In many ways, Boca West Country Club in Boca Raton, Florida, qualifies as its own golf city. The sprawling 72-hole facility has more than 5,000 members – most of whom live no more than a golf car ride away – and the development even has its own zip code.
With so many courses and so many players who have been entrenched at the club for decades, it would be easy for the annual influx of new residents and members to feel anxious about fitting in – especially if they’re beginners.
Pam Elders, PGA, is determined to keep that from happening. The club’s Director of Instruction and 2025 PGA of America Player Development Award recipient, Elders is this golf city’s unofficial mayor. She’s not just a teacher. She’s helping new players build both golf skills and relationships that turn the game into a lifestyle.
“When I started here, the emphasis was on giving individual lessons, but I noticed we were missing getting people to stick with the game,” says Elders, who came to Boca West in 2002 after a stint as the PGA of America Head Professional at The Club at Emerald Hills in Hollywood, Florida. “Beginners would come out and take a lesson, but if it didn’t happen for them right away, they wouldn’t continue.

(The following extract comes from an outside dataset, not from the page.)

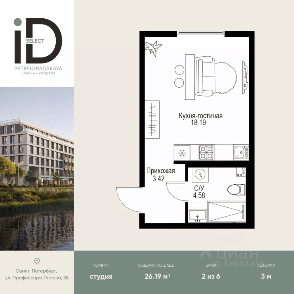 Клубный квартал iD Petrogradskaya на ул. Профессора Попова, 38 объединяет современную архитектуру, удобные планировки и развитую инфраструктуру, предлагая комфортную жизнь в престижном районе Санкт-Петербурга. Из квартир открываются виды на Иоанновский монастырь и реку Карповку. В шаговой доступности три станции метро: ''Петроградская'', ''Чкаловская'' и ''Чёрная речка''. 3-метровые потолки и эксклюзивные планировки создают атмосферу простора и уюта. Внутреннее пространство квартала включает благоустроенные дворы, курдонёры и подземный паркинг. Квартиры площадью от 20 до 136 м² с кухнями-гостиными до 40 м² и террасами с панорамными видами сдаются без отделки, оставляя свободу для индивидуальных интерьерных решений.

I wanted to develop programs that would help people become more connected to the game.
“The social element is the missing ingredient.”
Almost every club has clinics geared toward beginners, but Elders has managed to build programs that emphasize relationship-building between members – many of whom didn’t know many others at the giant club.
“People would come to me and say they couldn’t find anyone to play with, and I thought, ‘How is that possible at a place this big?’” Elders says. “But it can be intimidating if you’re coming to a new place and you don’t know anyone, and you don’t have much experience with the game.”
Elders combines programs like Four at Four – women’s beginner foursomes play four holes at 4 p.m. with a teaching professional in every group – with a matchmaking service that finds games for compatible players.
“I started a Men’s Novice Clinic for players who feel like they’re not good enough to go join a random foursome on the tee sheet. Now, they’ve made their own group,” says Elders. “Those 12 players have foursomes, and they call each other to play. They bought clubs. They’re having dinner together. It’s been great to see that social component grow for them.”
The bottom-line impact at Boca West is hard to ignore. In the first year of Elders’ women’s beginner group program, more than 500 players attended – and 30 percent converted their social memberships into golf memberships. And equipment and apparel sales have increased from $826,000 in 2021 to more than $1.2 million in 2023.
“Golf has given me so much, it’s only fair that I give back,” Elders explains. “People have worked their whole life to become a member at a club like this, and they’re thrown into a social community where you play golf or play tennis, or play bridge to fit in. It’s more than just playing nine holes. It’s great to help people come out of their shell and find their person, so to speak.”
It’s less than 100 miles from Boca West to the old Homestead Air Force Base outside Miami, where Elders learned to play while her father was stationed there during the Cold War. But it’s a different world both literally and figuratively.
“I came from this tiny little town where the base was. It was mostly a farming district. I never thought I would get this far,” says Elders, who was the 2023 South Florida PGA Section Patriot Award winner and the Section’s 2020 Player Development Award recipient. “To think there are more than 30,000 PGA Members, and I’m one of only about 1,000 women.
“Everyone can say what you’re doing is great, but you really don’t know that. Winning this award is just huge.”